#### What is required
Set down each line from the line holding "3虾倒入锅里,放入料酒,盐,鸡精,生抽,耗油,加入适量水" to the last line of the entries below, exactly, with both ends included and without pictures.
+ + + +
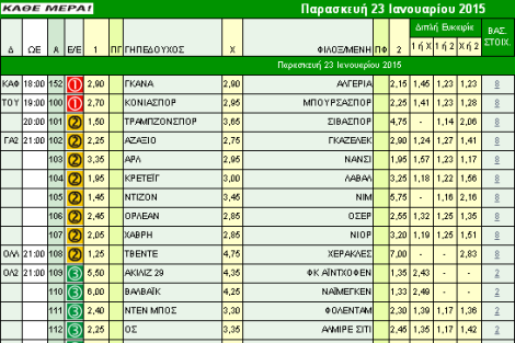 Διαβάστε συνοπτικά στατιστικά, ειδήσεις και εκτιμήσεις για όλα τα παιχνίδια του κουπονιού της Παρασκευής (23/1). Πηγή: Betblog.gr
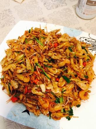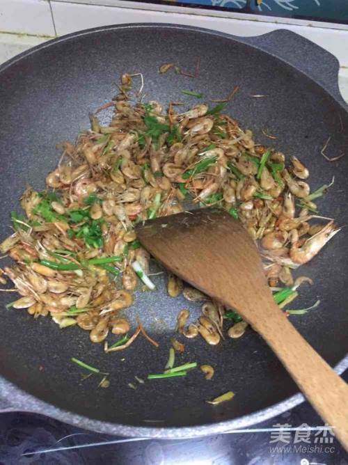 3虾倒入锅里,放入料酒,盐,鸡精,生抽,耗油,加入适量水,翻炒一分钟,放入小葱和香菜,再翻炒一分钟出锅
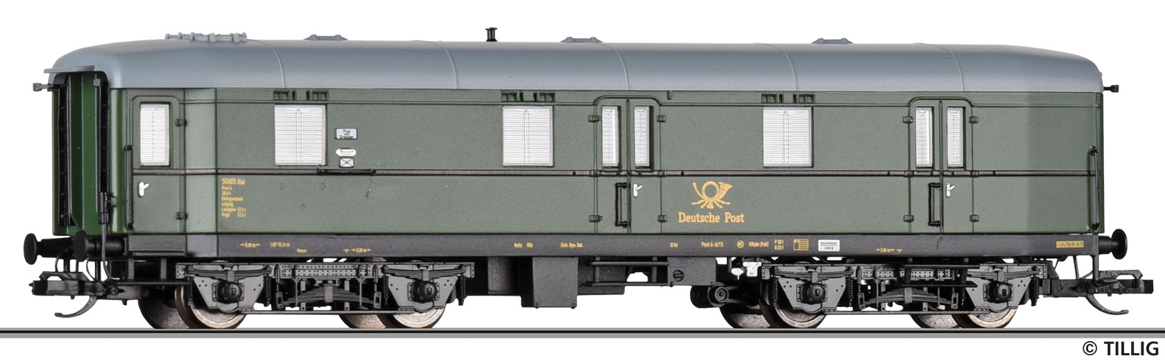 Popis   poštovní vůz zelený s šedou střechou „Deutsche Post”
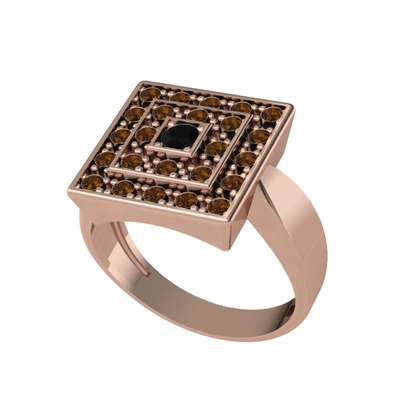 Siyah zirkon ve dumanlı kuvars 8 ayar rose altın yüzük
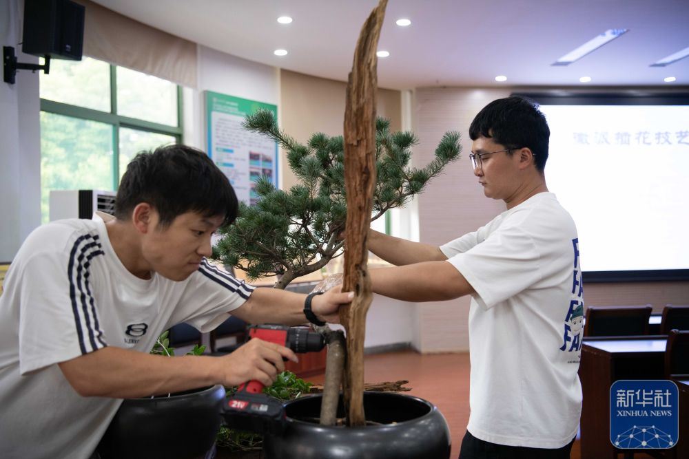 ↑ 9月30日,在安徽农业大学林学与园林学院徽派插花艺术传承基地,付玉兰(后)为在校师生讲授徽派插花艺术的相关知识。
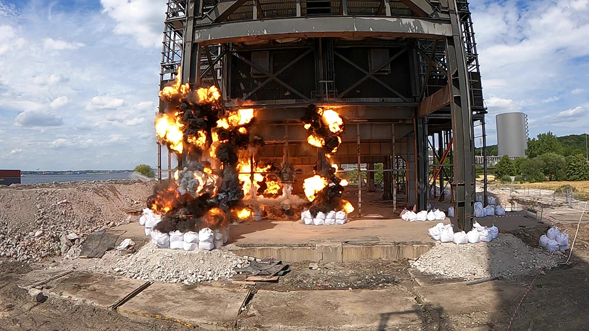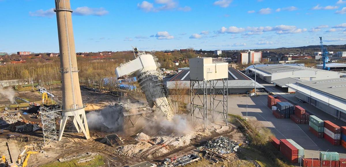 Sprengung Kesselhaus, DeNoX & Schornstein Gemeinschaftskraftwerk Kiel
+ + + +
#### Reply to the task
 3虾倒入锅里,放入料酒,盐,鸡精,生抽,耗油,加入适量水,翻炒一分钟,放入小葱和香菜,再翻炒一分钟出锅
 Popis   poštovní vůz zelený s šedou střechou „Deutsche Post”
 Siyah zirkon ve dumanlı kuvars 8 ayar rose altın yüzük
 ↑ 9月30日,在安徽农业大学林学与园林学院徽派插花艺术传承基地,付玉兰(后)为在校师生讲授徽派插花艺术的相关知识。
 Sprengung Kesselhaus, DeNoX & Schornstein Gemeinschaftskraftwerk Kiel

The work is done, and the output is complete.